In a novel published thirteen years ago, a seven-year-old boy who suddenly loses his father begins collecting small traces left behind in his father’s study—crumpled notes, keys, books his father once read—in an effort to find something his father might have left specifically for him. The boy becomes particularly fixated on an old key he finds in the study, trying it in every lock he encounters, only to face repeated disappointment. He also singles out a name written clearly in his father’s handwriting and, using a telephone directory, visits every person who shares that name. He asks each of them whether they knew his father, though—perhaps inevitably—none of them do.

From an adult’s perspective, the boy’s actions may appear futile, a repetition of efforts whose failure seems predictable from the outset. Yet in his attempt to remember his absent father as a living presence, the boy does everything he can. Though he never finds what he seeks and repeatedly experiences the feeling of emotional collapse, each attempt—to fit the key into a lock, to visit another unfamiliar address—keeps his father vividly in mind.
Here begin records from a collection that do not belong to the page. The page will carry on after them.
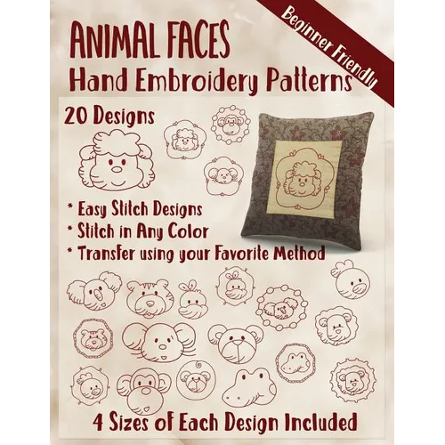 Animal Faces Hand Embroidery Patterns - Paperback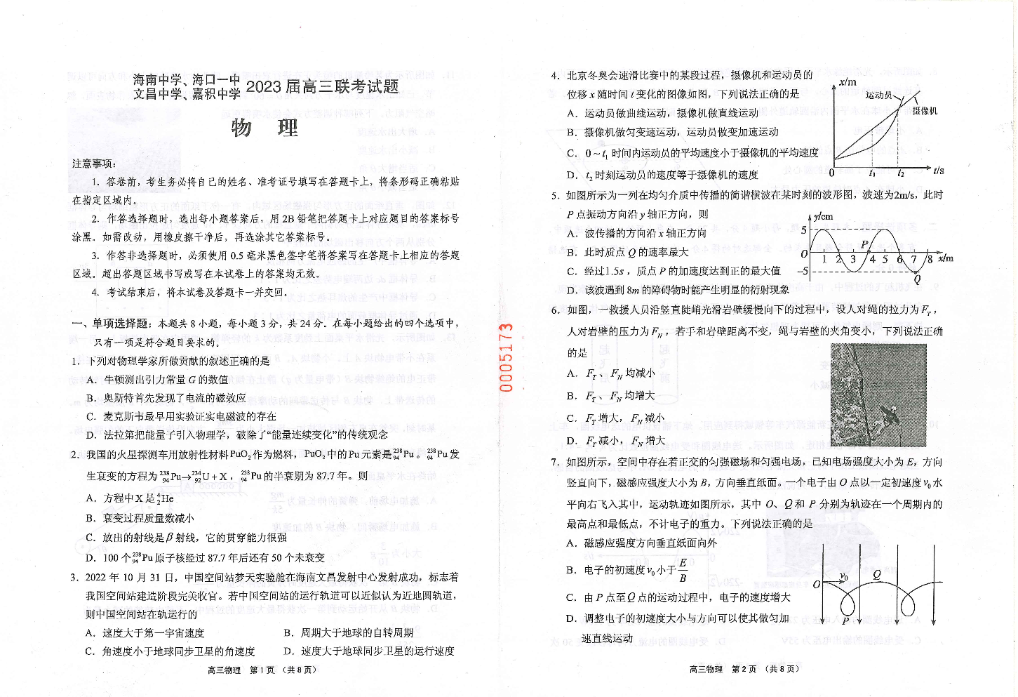 高三物理--海南省海南中学、海口一中、文昌中学、嘉积中学四校2023届高三下学期4月联考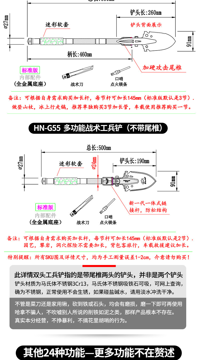 • 단일 헤드 HN-G55 전술 엔지니어링 삽 확장 버전 (1 롱로드)
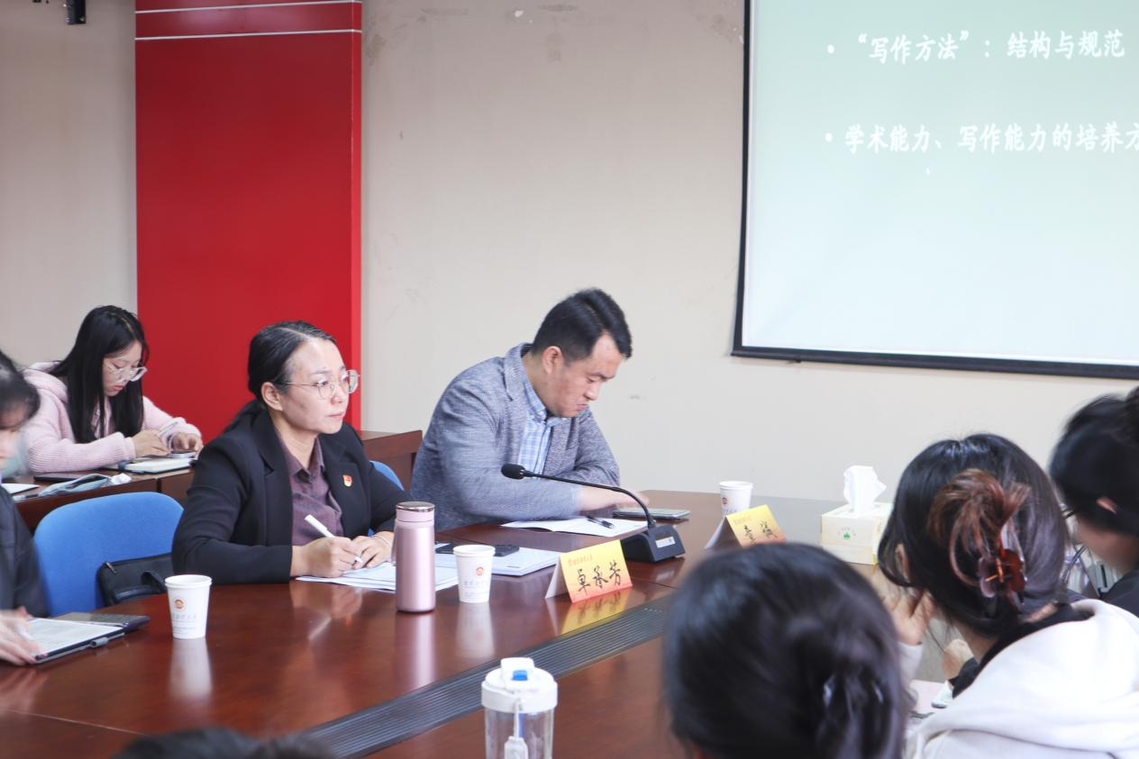 师生作题为“论文写作方法”的学术报告。报告会在德正楼508会议室召开,由院长卓承芳教授主持,2023级、2024级研究生参与学习。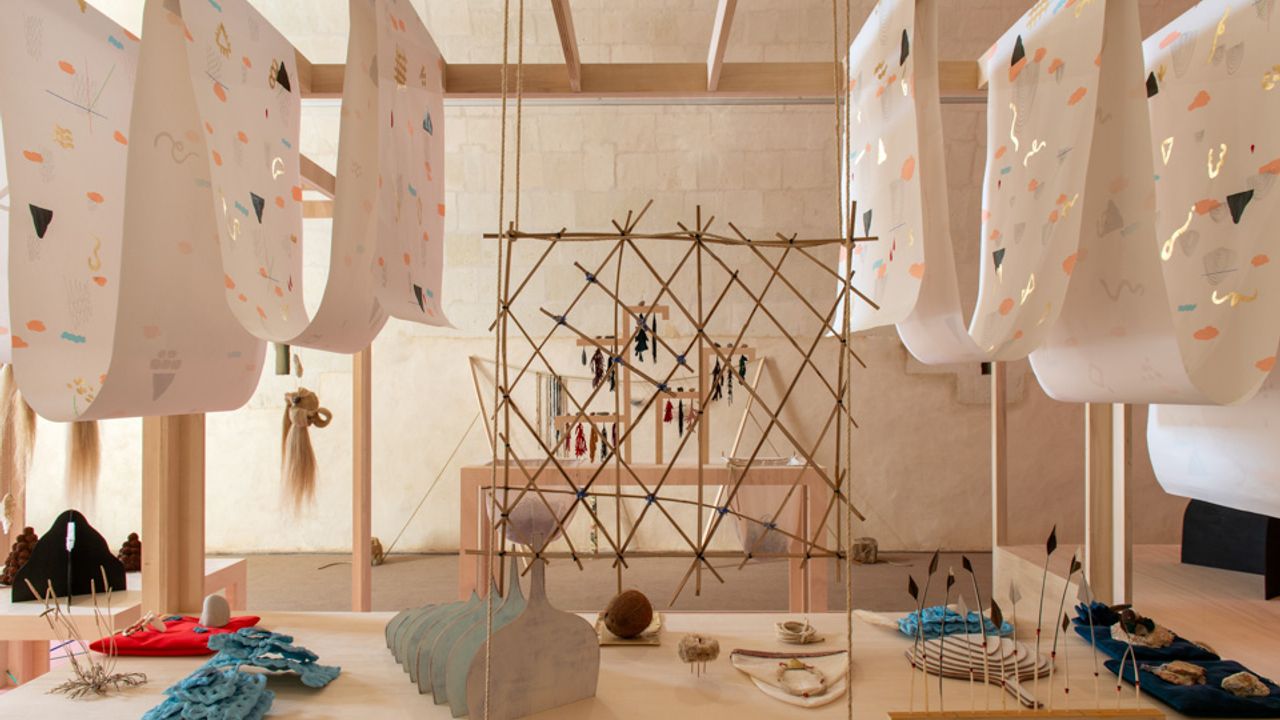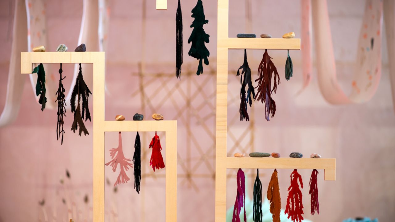 Le titre de l’exposition, Amarrer à l’ombre, est une référence explicite au lexique de la navigation et à la vocation maritime de la citadelle. Pour Gabrielle Manglou, le terme « amarre », très usité en langue créole réunionnaise, condense tout le vocabulaire du lien : unir, attacher, mettre ensemble, et renvoie également à sa pratique artistique qui procède en rhizome, cherche les relations et les organise dans un système d’associations de mondes et de matières en apparence éloignés.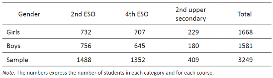 To address the research questions, non-probability convenience sampling was used to collect survey responses from voluntary respondents, who were students from the Spanish regions of Catalonia, the Valencian Community, Extremadura, the Community of Madrid, Andalusia, Aragon, Cantabria, and Murcia. As shown in Table 1, a total of 3363 responses were obtained from students between 13 and 18 years of age in the 2nd year of ESO, 4th year of ESO, and 2nd year of upper secondary school.1 It is important to point out that 46 of those students identified as gender nonbinary and 68 preferred not to respond to the question on gender (DK/NR), so the total sample used in the study consisted of 3249 boys and girls.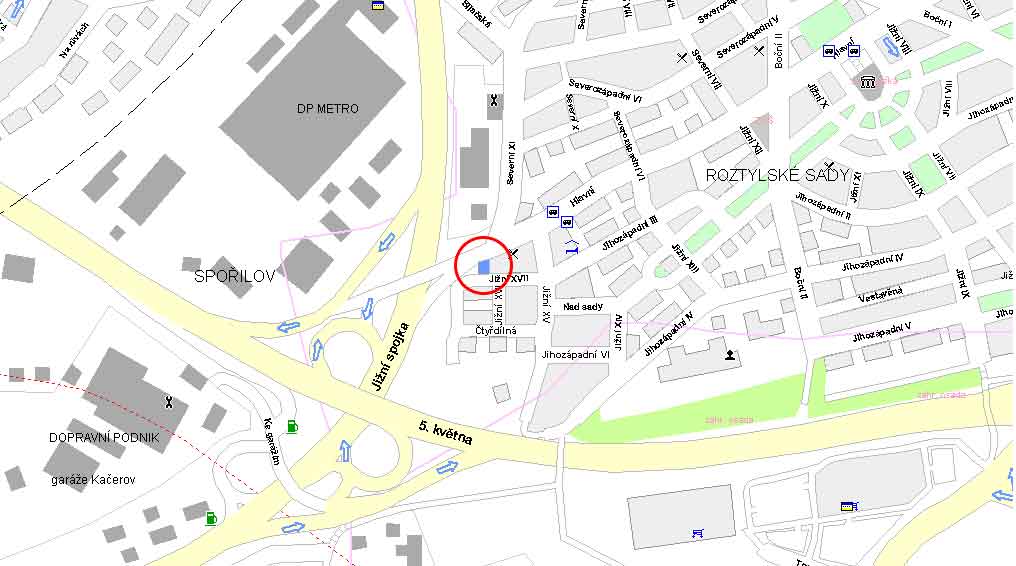 mezi zástavbu. Tou odbočte a hned první ulicí opět doprava. Jeďte na konec ulice a zaparkujete přímo před naší budovou. Na mapě je označena kroužkem

Installation view of 《Songs From the Memory - Ahn Kyuchul, Eun Chun》 © Kyobo Art Space

To think of “something” that no longer stays by one’s side requires narrative imagination. That presence greets us on the stage of a story we construct, hums a song, takes flight into the sky, or dances to a rhythm. In 《Songs From the Memory》, audiences encounter works by Ahn Kyuchul and Jeon Myung-eun at close range, and in some cases become co-creators by actively engaging with the works.

Through emotional transference with the artworks, visitors are invited to recall—without pain—“something” that has disappeared from sight, and to compose their own narratives of consolation.